Il se replace sur sa jambe, étend ses épaules. Un masque de froideur peint son visage. Il est sur la défensive. Et ça prouve bien que tout ça n'est que mascarade.

- Tout ça ! Je m'écris. J'imagine la colère, déformer mes traits. Ce contrat, ces vidéos, Bellone_Advenit, ça ! J'explose en écartant les bras, ne parvenant pas à maintenir ma colère.

- Tu poses trop de questions sans prendre la peine de réfléchir, Mati. Si tu ouvrais juste un peu les yeux, tu verrais tout ce qu'il y a devant toi.

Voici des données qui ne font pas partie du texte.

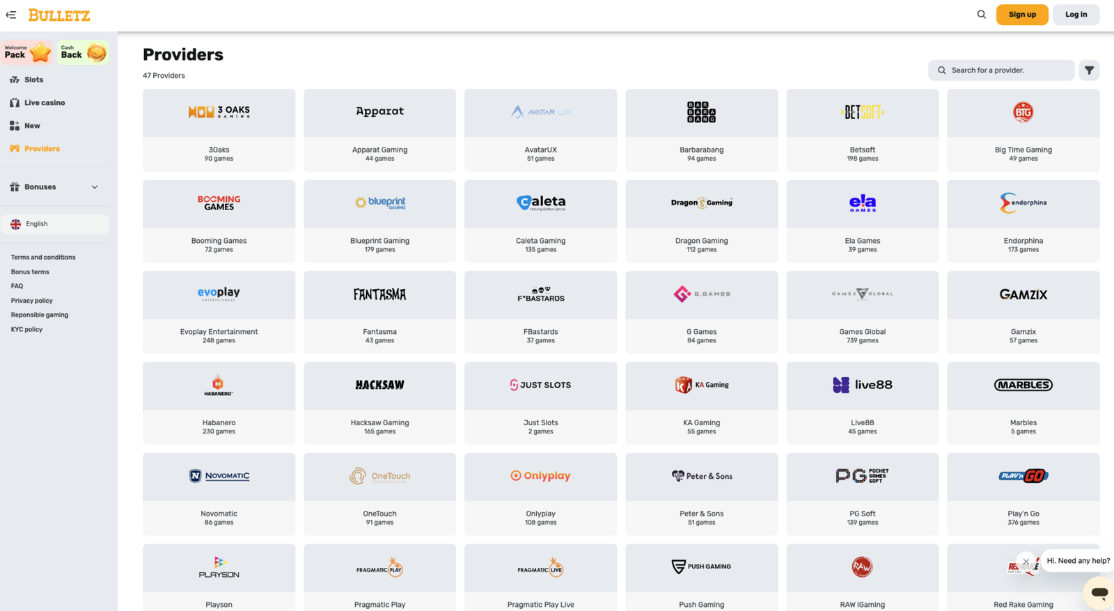 Bulletz Casino truly shines when it comes to its impressive lineup of gaming providers. With partnerships across some of the most respected names in the industry, the casino offers players a rich and varied gaming experience. From powerhouse developers like NetEnt, Pragmatic Play, and Play’n GO to innovative studios such as Nolimit City, Hacksaw Gaming, and Push Gaming, Bulletz Casino ensures top-tier game quality and variety.

Je reste bouche bée et je le regarde s'en aller sans émettre la moindre protestation.

L'heure de quitter le travail arrive bien vite. Et l'angoisse de me retrouver aux côtés de Mendoza également. Lorsque je sors de la salle de génétique, je trouve mon coéquipier installé au bureau, concentré à taper sur son ordinateur.

J'ai réussi à l'éviter la majorité de la journée. Mais je ne peux pas me dérober face à ce qu'il va se passer. Je vais devoir écouter, comprendre et négocier avec un garagiste. Avec un Mendoza sûrement ravi de mon incompétence dans le domaine.